**Stored items**

************

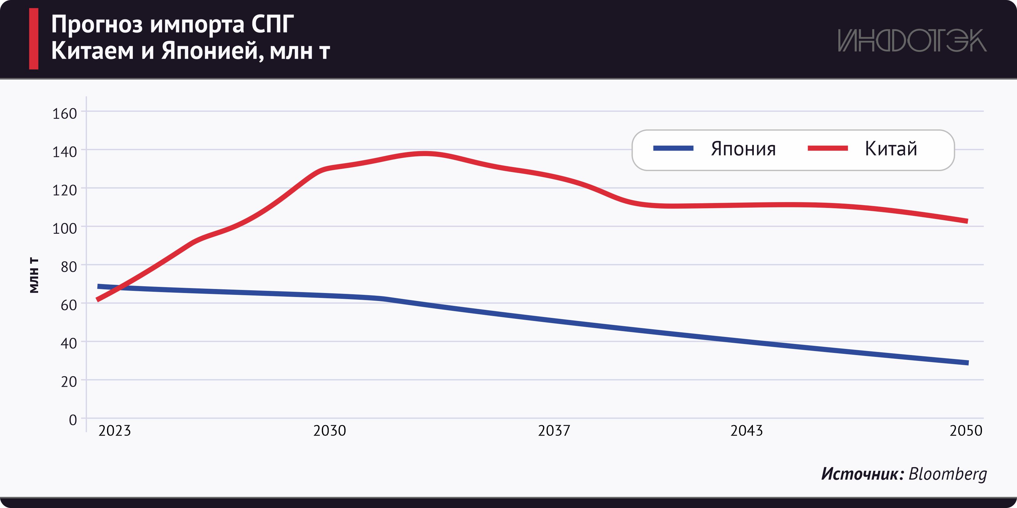 Поэтому, учитывая, что основной рост спроса на газ сконцентрирован в приморских районах Китая, более перспективным направлением увеличения поставок российского газа в КНР является СПГ. Напомним, что мощности СПГ-терминалов в Китае к 2050 году составят около 340 млн т, что в три раза выше уровня 2020 года.
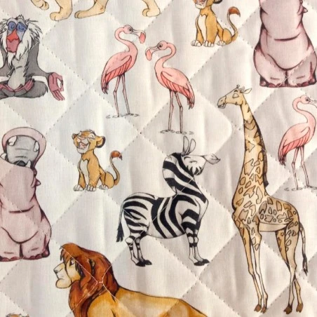 La Tela Acolchada – Hakuna Matata – El Rey León es un tejido perfecto para la confección de colchas, edredones y ropa de cama abrigada. El tejido está formado por 3 capas: la capa exterior, la capa interna y un acolchado esponjoso en el centro.
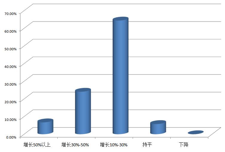 本次調(diào)研的數(shù)據(jù)顯示,采購(gòu)主要原材料或產(chǎn)品的價(jià)格增長(zhǎng)明顯,有6.73%的企業(yè)表示增長(zhǎng)超過(guò)了50%以上。24.08%的企業(yè)表示原材料價(jià)格增長(zhǎng)幅度在30%-50%,64.42%的企業(yè)表示增長(zhǎng)幅度在10%-30%,具體情況請(qǐng)看下列圖表:
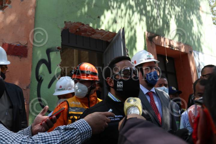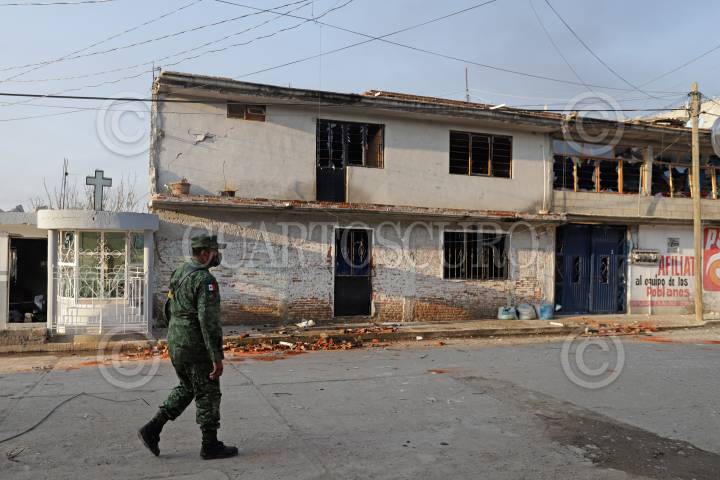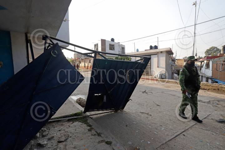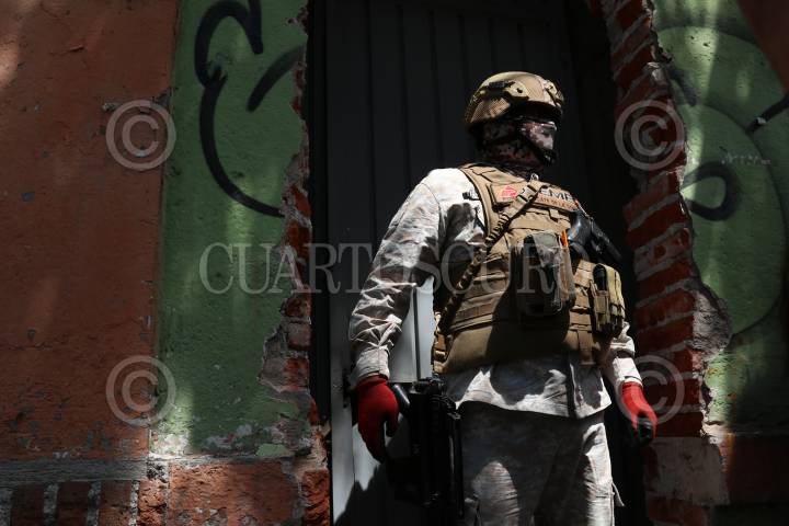 un elemento de Pemex resguarda la entrada el inmueble ubicado en Carrillo Puerto 165.
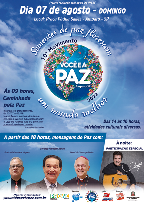 Temos a honra de convidá-lo (a) para participar do 10º Movimento Você e a Paz, que acontecerá pela décima vez em nossa cidade no dia 07 de agosto, domingo, na Praça Pádua Salles – Amparo/SP, e cuja proposta é colaborarmos juntos para uma humanidade mais pacífica e proporcionarmos o cultivo da paz interior nos indivíduos. O Movimento Você e a Paz é uma atividade sem caráter religioso ou político, idealizado por Divaldo Pereira Franco e mobilizado pelo ideal de uma vivência pacífica entre as criaturas humanas, buscando levar os indivíduos a uma reflexão profunda quanto à necessidade de renovação dos sentimentos e mudança de comportamento, a fim de superarmos a atual conjuntura de violência e agressividade em que nos encontramos. Iniciado em 1998 em Salvador, hoje o movimento é promovido em mais de 75 cidades do mundo, sendo 60 delas no Brasil e as demais em 12 países onde o Movimento se expandiu. Foi lançado, inclusive, na sede da ONU, em Nova Iorque, em abril de 2013 e, em seguida, em Miami. Esse momento especial irá se iniciar às 9 horas, com a Caminhada pela Paz e durante o dia, das 14 às 16 horas, ocorrerão atividades culturais diversas para todos os públicos. A partir das 18 horas teremos as mensagens de paz que serão transmitidas por Dom Luiz Gonzaga Fechio, Bispo Diocesano de Amparo; Pastor Rubens das Virgens, da Assembleia de Deus Ministério do Belém de Amparo e Divaldo Pereira Franco, fundador do Movimento, Médium e Orador Espírita; seguidas da apresentação do cantor Daniel. Ressaltando a importância deste encontro, e por mais esta oportunidade de confraternização entre todos nós, muito nos gratificaria recebê-lo (a) neste evento. Fraternalmente.
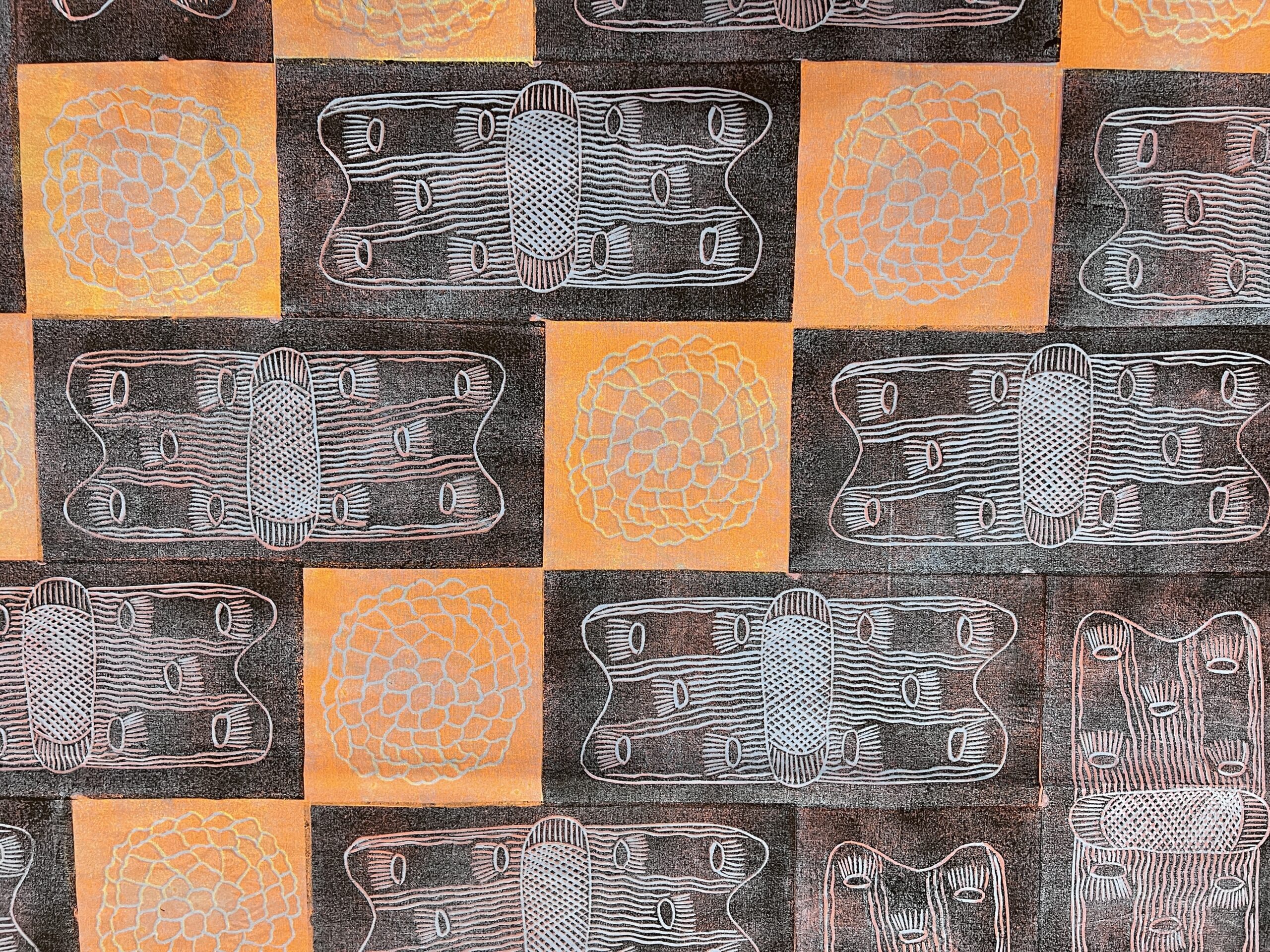 Janet Marawarr has depicted kunkurra, the spiralling wind associated with several sites in the Kardbam clan. On one level, this design can be interpreted as a depiction of the kinds of mini-cyclones common during the wet season in Arnhem Land, where the artist lives. Kunkurra also relates specifically to a site called Bilwoyinj, near Mankorlod, on the artist’s clan estate.
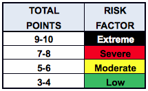 The total score for each event is your Risk Factor. Exactly what does that mean? Basically you've just ranked out the seriousness of the events you could possibly face - the higher the score the higher the priority of preparing against that event. Although you can categorize your scores anyway that makes sense to you, this is one easy way to do it:

************

**Exercise**
Print again, exactly, the lines of the records above from the first line through the line with "La Tela Acolchada". No pictures.

**Exercise result**
 Поэтому, учитывая, что основной рост спроса на газ сконцентрирован в приморских районах Китая, более перспективным направлением увеличения поставок российского газа в КНР является СПГ. Напомним, что мощности СПГ-терминалов в Китае к 2050 году составят около 340 млн т, что в три раза выше уровня 2020 года.
 La Tela Acolchada – Hakuna Matata – El Rey León es un tejido perfecto para la confección de colchas, edredones y ropa de cama abrigada. El tejido está formado por 3 capas: la capa exterior, la capa interna y un acolchado esponjoso en el centro.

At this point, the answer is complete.